**Work required:** Please output the line containing "Screenshots from my" and all lines that follow it in the data below, exactly, with no pictures.

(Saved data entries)

————

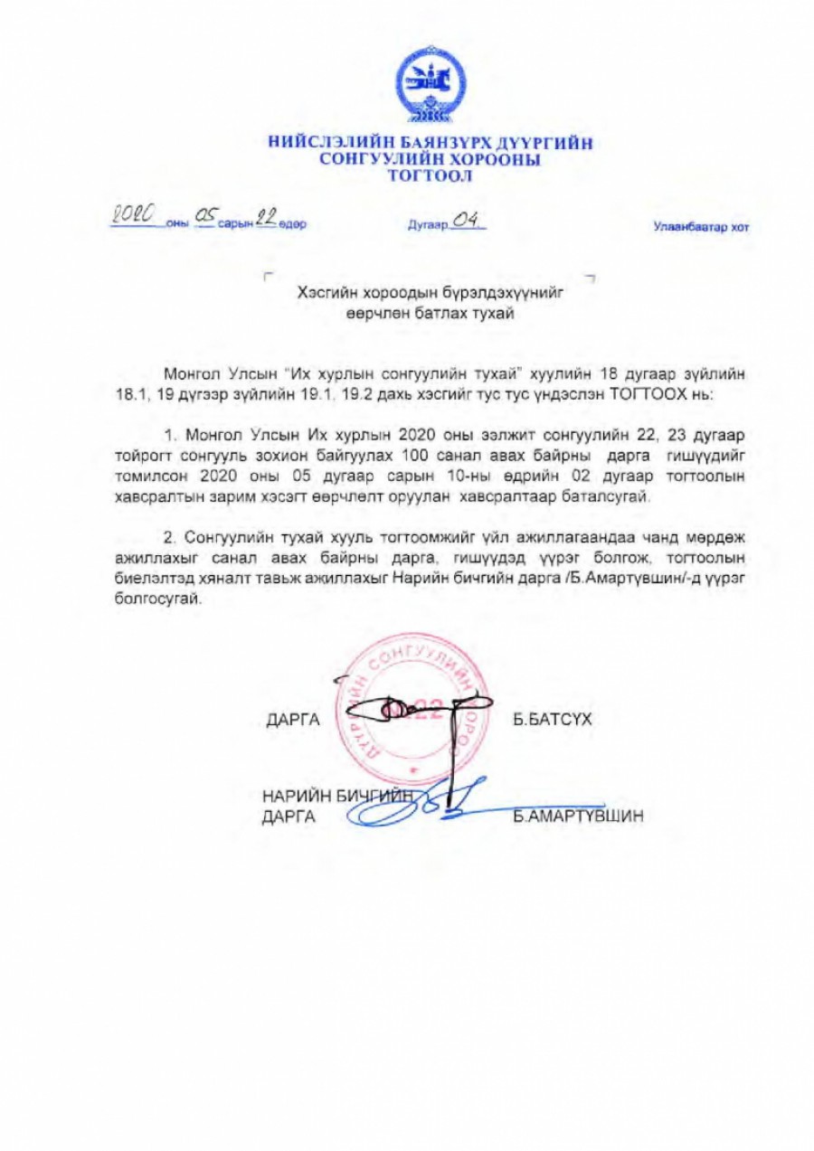 Монгол улсын Их хурлын 2020 оны ээлжит сонгуулийн хэсгийн хороодын бүрэлдэхүүн
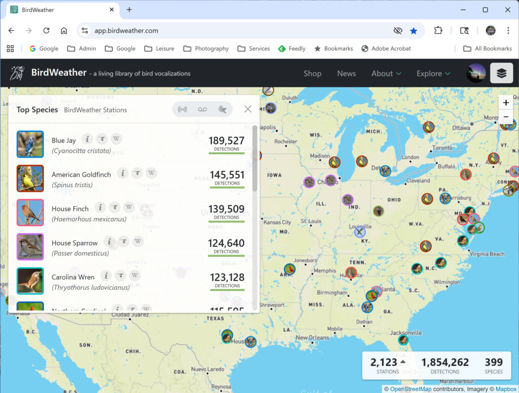 Screenshots from my listening station and the map for listening stations across the USA: (Note: Updates to this free public service sometimes lags my real time results. When I am personally logged in to my BirdNET-Pi I definitely see all identifications in real time. If you click upon my list of birds, and then an individual bird specie, you may listen to actual recordings from my device)
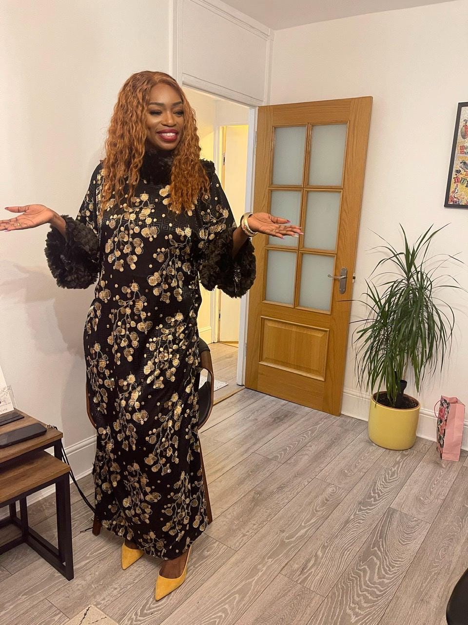 Silk Maxi Dress/ Silk/ Swarovski Crystals/ Maxi Dress/ Floral Dress/ Faux Fur/ Brown Dress/
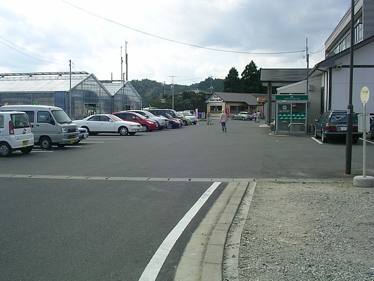 敷地右側に駅舎、左側に付属の温室が2棟、奥にラーメン店。駅の右と温室横にも駐車場がある。
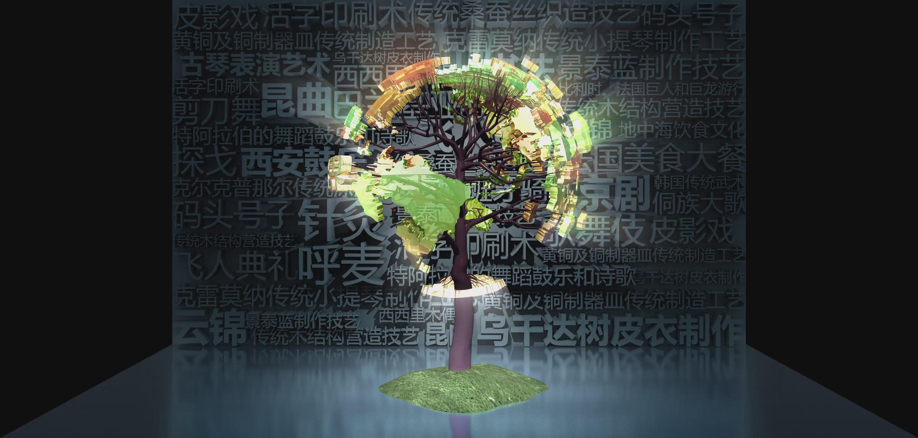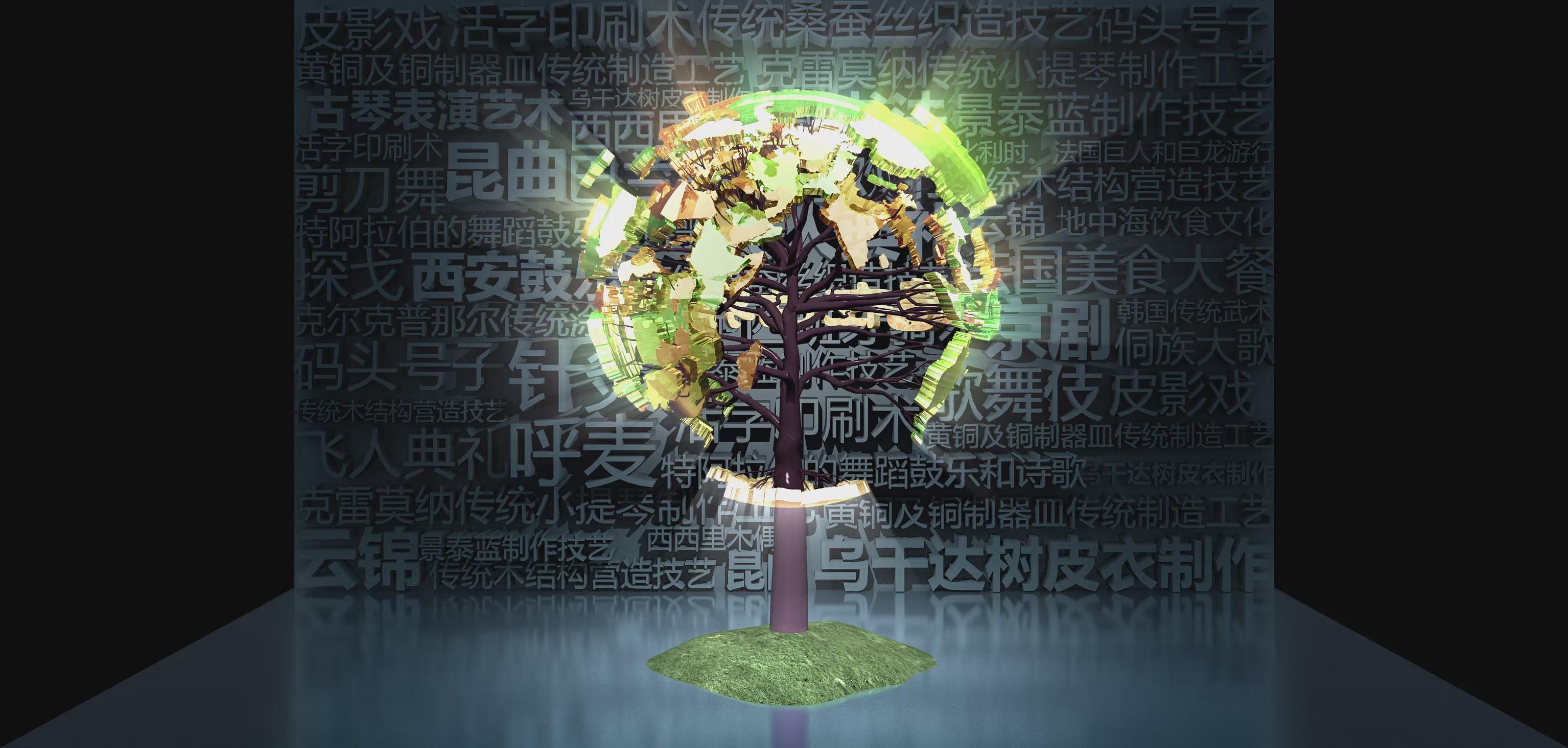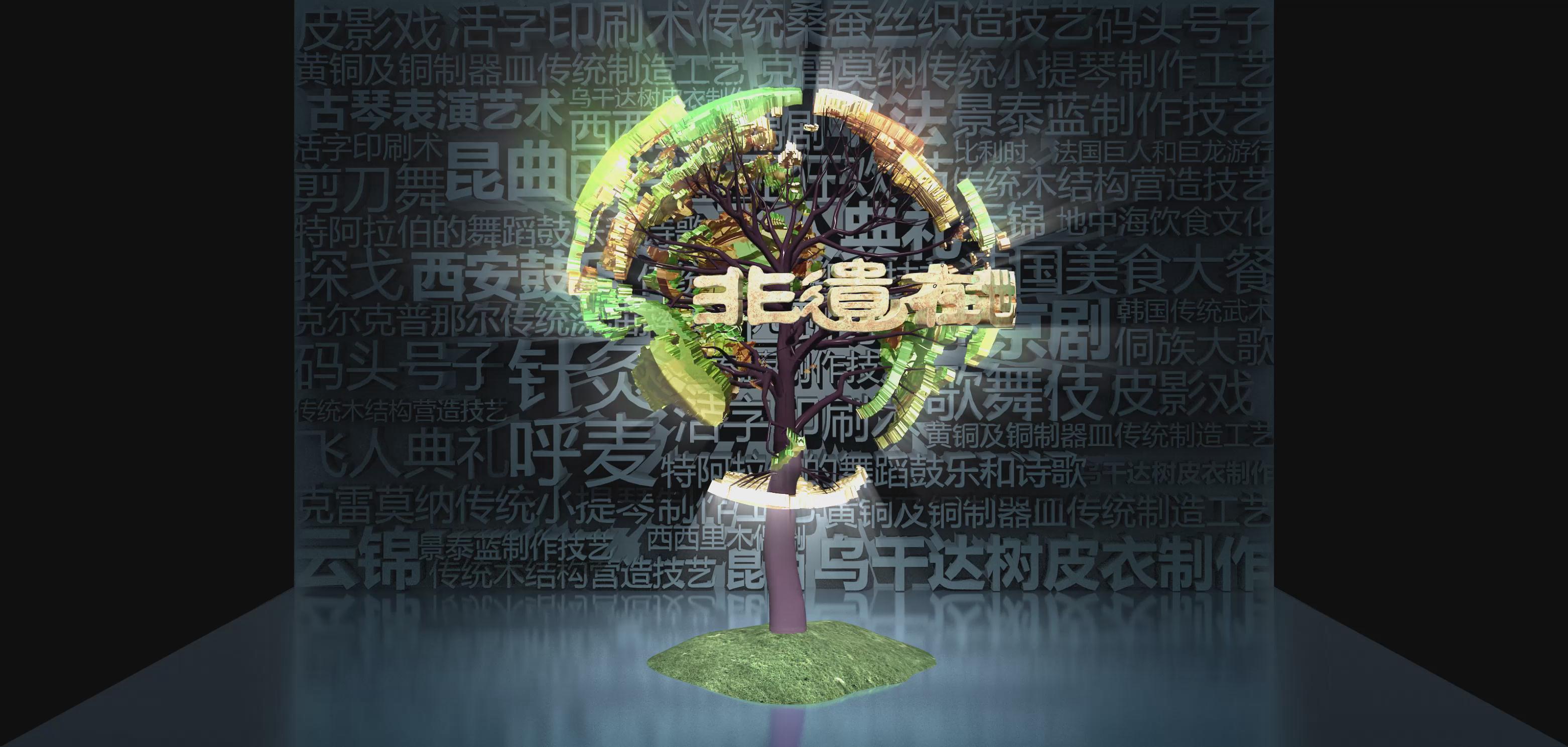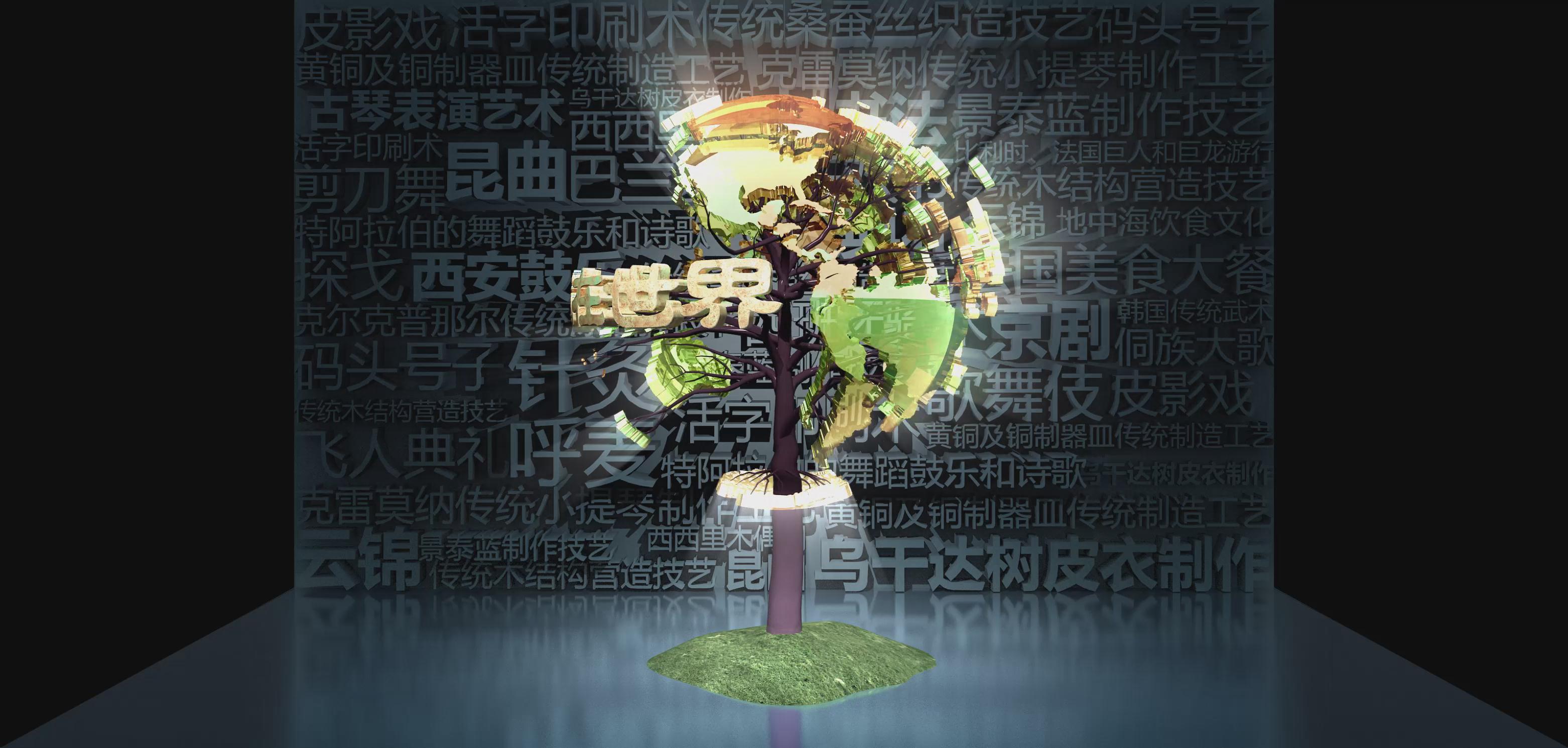 截止2017年6月,中國已有39個項目躋身世界級非物質(zhì)文化遺產(chǎn),項目總數(shù)位居世界第一。其中,人類非物質(zhì)文化遺產(chǎn)代表作名錄31項,急需保護的非物質(zhì)文化遺產(chǎn)名錄7項,非物質(zhì)文化遺產(chǎn)優(yōu)秀實踐名冊1項。 以折幕形式向大眾展示世界非物質(zhì)文化遺產(chǎn),在背景圖中列出了多種非遺事項,結(jié)合立體模板大樹的形式,讓大家可以了解中國的非遺項目。

————

**Result of the exercise:**
 Screenshots from my listening station and the map for listening stations across the USA: (Note: Updates to this free public service sometimes lags my real time results. When I am personally logged in to my BirdNET-Pi I definitely see all identifications in real time. If you click upon my list of birds, and then an individual bird specie, you may listen to actual recordings from my device)
 Silk Maxi Dress/ Silk/ Swarovski Crystals/ Maxi Dress/ Floral Dress/ Faux Fur/ Brown Dress/
 敷地右側に駅舎、左側に付属の温室が2棟、奥にラーメン店。駅の右と温室横にも駐車場がある。
 截止2017年6月,中國已有39個項目躋身世界級非物質(zhì)文化遺產(chǎn),項目總數(shù)位居世界第一。其中,人類非物質(zhì)文化遺產(chǎn)代表作名錄31項,急需保護的非物質(zhì)文化遺產(chǎn)名錄7項,非物質(zhì)文化遺產(chǎn)優(yōu)秀實踐名冊1項。 以折幕形式向大眾展示世界非物質(zhì)文化遺產(chǎn),在背景圖中列出了多種非遺事項,結(jié)合立體模板大樹的形式,讓大家可以了解中國的非遺項目。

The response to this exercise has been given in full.